**Supplied data**.
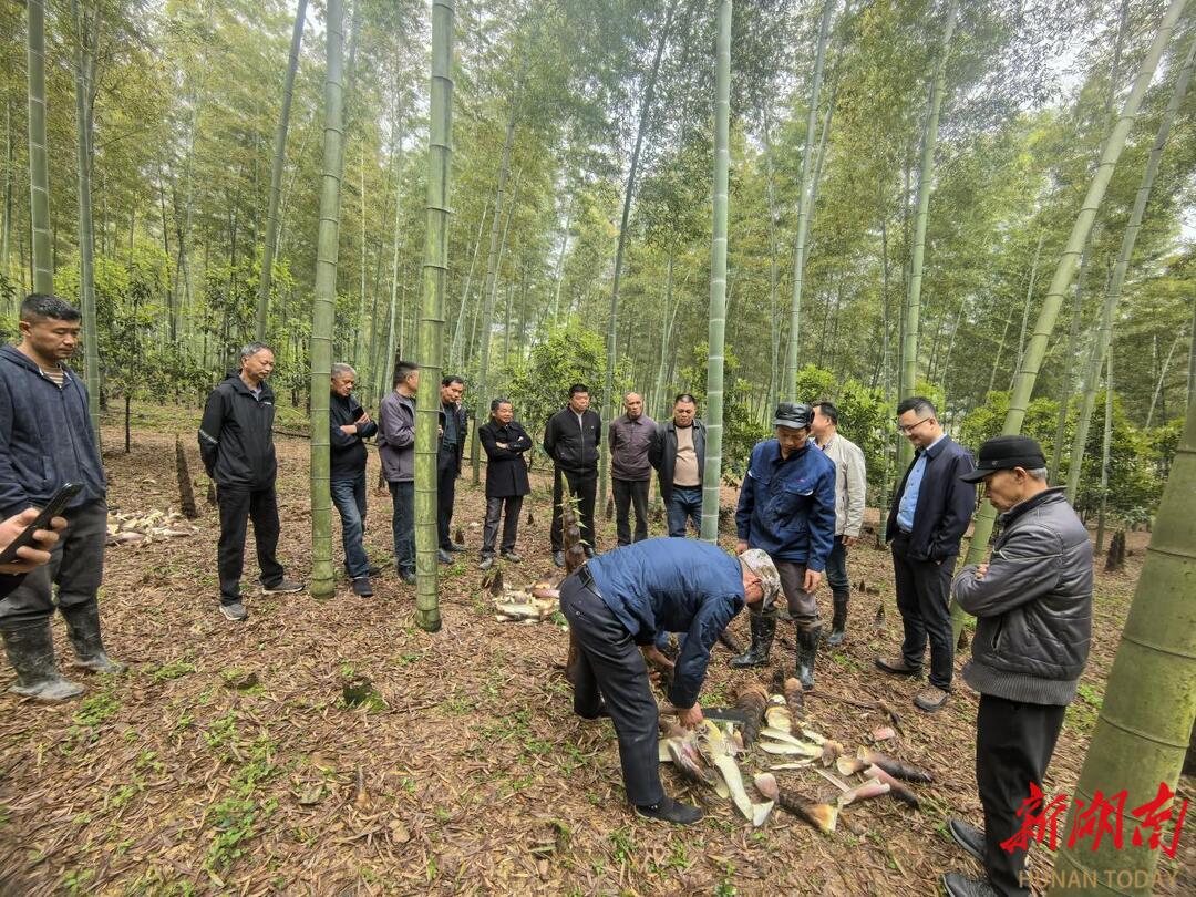 而此次培训所在地——水满村笋竹两用林基地,更是“明星样板”。2022年,泥江口镇引进国家级农业产业化龙头企业益阳世林食品有限公司,在此建起首个高产笋竹两用林示范基地。经过近四年精心培育,基地已实现高产示范目标,形成了可复制、可推广的模式。
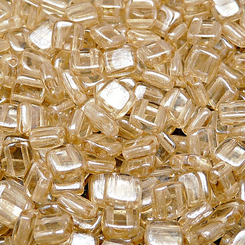 40шт Чешские стеклянные штампованные (прессованные) бусины двухдырчатые квадраты Тила 6мм хрусталь с покрытием шампань глянец полупрозрачные.
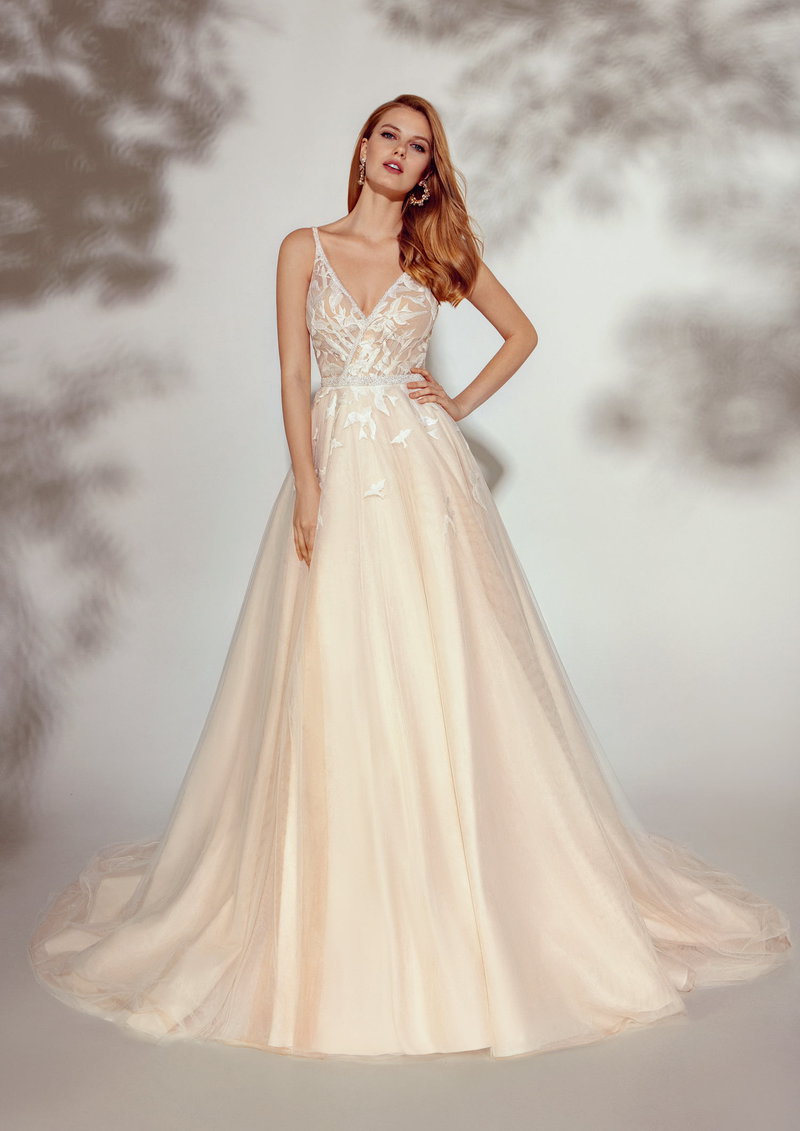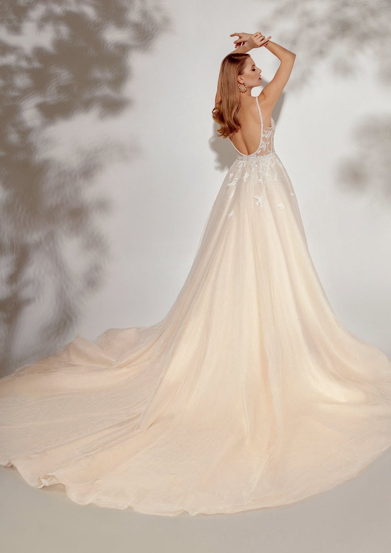 Suaves y fluidos tules te acompañan y se mueven contigo en este etéreo vestido de capas de tul en tonos marfil y melocotón. Su corte princesa destaca tu cintura y talle, resalta tus hombros y ensalza tu espalda con su interminable escote. El corpiño ajustado con transparencias y bordados en relieve realza la feminidad de la novia, creando una silueta elegante y refinada. Los pequeños bordados de pajarillos en hilo y cristal le dan el toque romántico, inconfundible de María Salas.

**Task to complete**.
A verbatim copy of the material, pictures excluded, is what must be produced.

**Task result**.
 而此次培训所在地——水满村笋竹两用林基地,更是“明星样板”。2022年,泥江口镇引进国家级农业产业化龙头企业益阳世林食品有限公司,在此建起首个高产笋竹两用林示范基地。经过近四年精心培育,基地已实现高产示范目标,形成了可复制、可推广的模式。
 40шт Чешские стеклянные штампованные (прессованные) бусины двухдырчатые квадраты Тила 6мм хрусталь с покрытием шампань глянец полупрозрачные.
 Suaves y fluidos tules te acompañan y se mueven contigo en este etéreo vestido de capas de tul en tonos marfil y melocotón. Su corte princesa destaca tu cintura y talle, resalta tus hombros y ensalza tu espalda con su interminable escote. El corpiño ajustado con transparencias y bordados en relieve realza la feminidad de la novia, creando una silueta elegante y refinada. Los pequeños bordados de pajarillos en hilo y cristal le dan el toque romántico, inconfundible de María Salas.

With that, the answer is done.